Vor Kurzem meldeten sich die von uns sehr geschätzten Genoss*innen der Antifaschistischen Union Dortmund mit einem „Kommentar zum Umgang der radikalen Linken mit den NSU-Morden“ zu Wort.[1] Anlass des Textes, der einen selbstkritischeren Umgang der radikalen Linken mit den eigenen Fehlstellen in Hinblick auf die NSU-Mordserie fordert, war die Demonstration „VS auflösen – Rassismus bekämpfen“ in Köln-Chorweiler am 10.11.2012. Wir möchten in diesem Text die angestoßene Diskussion fortführen und unsere in einigen Punkten abweichende Sicht darlegen. Wir halten sowohl einen selbstkritischen Umgang mit eigenen Versäumnissen und blinden Flecken für angebracht als auch eine breite Diskussion über die politischen und praktischen Konsequenzen aus dem NSU-Desaster für notwendig.

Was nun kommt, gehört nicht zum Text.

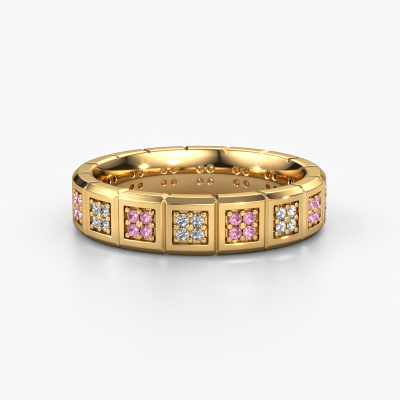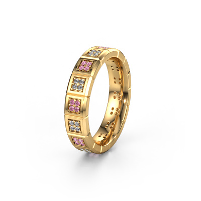 Een eternity trouwring! Uniek, net als jullie relatie uniek is! Iedereen is anders en daarom wil je ook geen standaard trouwring. Deze exclusieve WH2056L15DP dames trouwring is door onze juwelen ontwerpers ontworpen en wordt door onze goudsmid met de hand vervaardigd. Daarbij worden het oude, pure ambacht gecombineerd met de modernste technieken om het mooiste resultaat te creëren. Want onze goudsmid gaat voor perfectie in alle facetten. Een unieke, handgemaakte trouwring, gemaakt om jullie liefde te bezegelen op de grote dag! In deze exclusieve WH2056L15DP trouwring van goud is roze saffier geplaatst, hij is ±5 mm breed en heeft een glimmende afwerking. Een trouwring uitzoeken is niet iets dat je even snel wilt doen. Uiteindelijk willen jullie die ring dragen, die precies bij jullie stijl en wensen past. En die ook jullie liefde en relatie met elkaar weerspiegelt. Een ring, die bedoeld is om een leven lang te dragen, en symbool staat voor alles wat jullie verbindt. Daarom vinden wij het zo mooi, dat we precies de ring die jullie in gedachten hebben, kunnen vervaardigen. Dit gaat allemaal ambachtelijk met de hand in ons eigen atelier, zodat we ieder detail heel precies kunnen verwerken. Een mooier vak bestaat niet!Heb je nog meer wensen voor je trouwring en kun je deze hier niet terug vinden? Neem gerust contact op met onze designers! Zo kunnen we een ring juist mat maken, breder of smaller. Ook gravures zijn in de meeste gevallen mogelijk. En heb je een eigen idee voor mooie trouwringen? Onze sieradenontwerpers vinden het een prachtige uitdaging om jouw ring helemaal naar jouw voorstelling te ontwerpen!Alle trouwringen worden in ons eigen atelier gemaakt, zodra een bestelling binnenkomt. Hierdoor hoeven wij geen dure voorraden te hebben en kunnen wij je trouwringen leveren tegen een prijs die je bij geen andere juwelier tegen zult komen.Om het voor jou makkelijker te maken kun je ieder besteld sieraad binnen 30 dagen na aflevering eenvoudig weer retour sturen.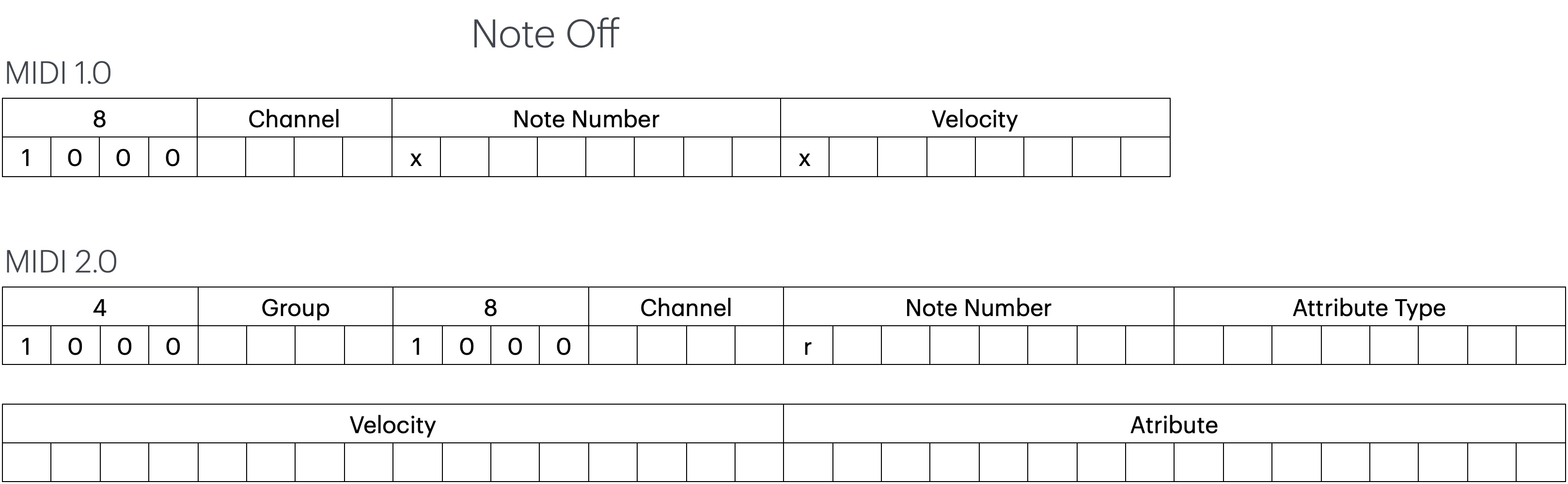 Same as Note Off, MIDI 2.0 expands velocity to 16 bits and adds new information called Attributes (8-bit type and 16-bit value).

Die Opfer wurden nicht gehört
Dass antifaschistische Gruppen die 2006 stattgefundenen öffentlichen
 Proteste von Angehörigen der NSU-Opfer Mehmet Kubasik und Halit Yozgat 
nicht wahrgenommen haben, müssen sich nicht nur diejenigen Gruppen zum 
Vorwurf machen lassen, die in den Städten, in denen die Morde begangen 
wurden, aktiv sind, sondern auch eine Gruppe wie die unsere. Obwohl wir 
aus dem weiteren Umland kommen, haben wir in Dortmund immer wieder gegen
 Neonazis agiert, so zum Beispiel nach der Ermordung des Punk Thomas 
Schulz, der ein Jahr vor Mehmet Kubasik durch einen Neonazi getötet 
wurde. Während es uns in diesem Fall gelang die Tat einzuordnen und eine
 politische Auseinandersetzung über rechte Gewalt einzufordern, blieben 
wir ein Jahr später untätig.
Wir haben die Aussagen der Ermittlungsbehörden zum Mord an Mehmet 
Kubasik nicht hinterfragt, wir haben nicht genau hingeschaut. Wir haben 
den Blick abgewandt. Die Forderungen der Angehörigen haben wir nicht 
gehört. Dieser Untätigkeit müssen wir uns heute stellen und auch nach 
den Ursachen suchen. Lag es an unserem gutmütigen Glauben in die Arbeit 
der Polizei und den Wahrheitsgehalt ihrer Aussagen? Lag es daran, dass 
wir zu den Angehörigen des Erschossenen keine persönlichen Kontakte 
pflegten? Oder daran, dass die Aussagen der Polizei auf unser Bedürfnis 
stießen, sich nicht weiter beunruhigen lassen zu wollen? Haben wir 
damals nicht gedacht: Gut, dass aller Wahrscheinlichkeit nach die Täter 
nicht erneut Neonazis sind? Schließlich müssen wir uns aber auch die 
bedrückende Frage stellen: Hat unser Verhalten nicht ebenfalls vor dem 
Hintergrund des gesamtgesellschaftlichen Rassismus stattgefunden, der 
die Arbeit der Ermittlungsbehörden so folgenschwer prägte, dass die 
Opfer – weil sie Migranten waren – vorschnell mit „kriminellen Milieus“ 
in Verbindung gebracht wurden? Haben rassistische Stereotype auch 
unseren Blick getrübt?
Diese selbstkritische Auseinandersetzung anzuregen ist notwendig. [2] 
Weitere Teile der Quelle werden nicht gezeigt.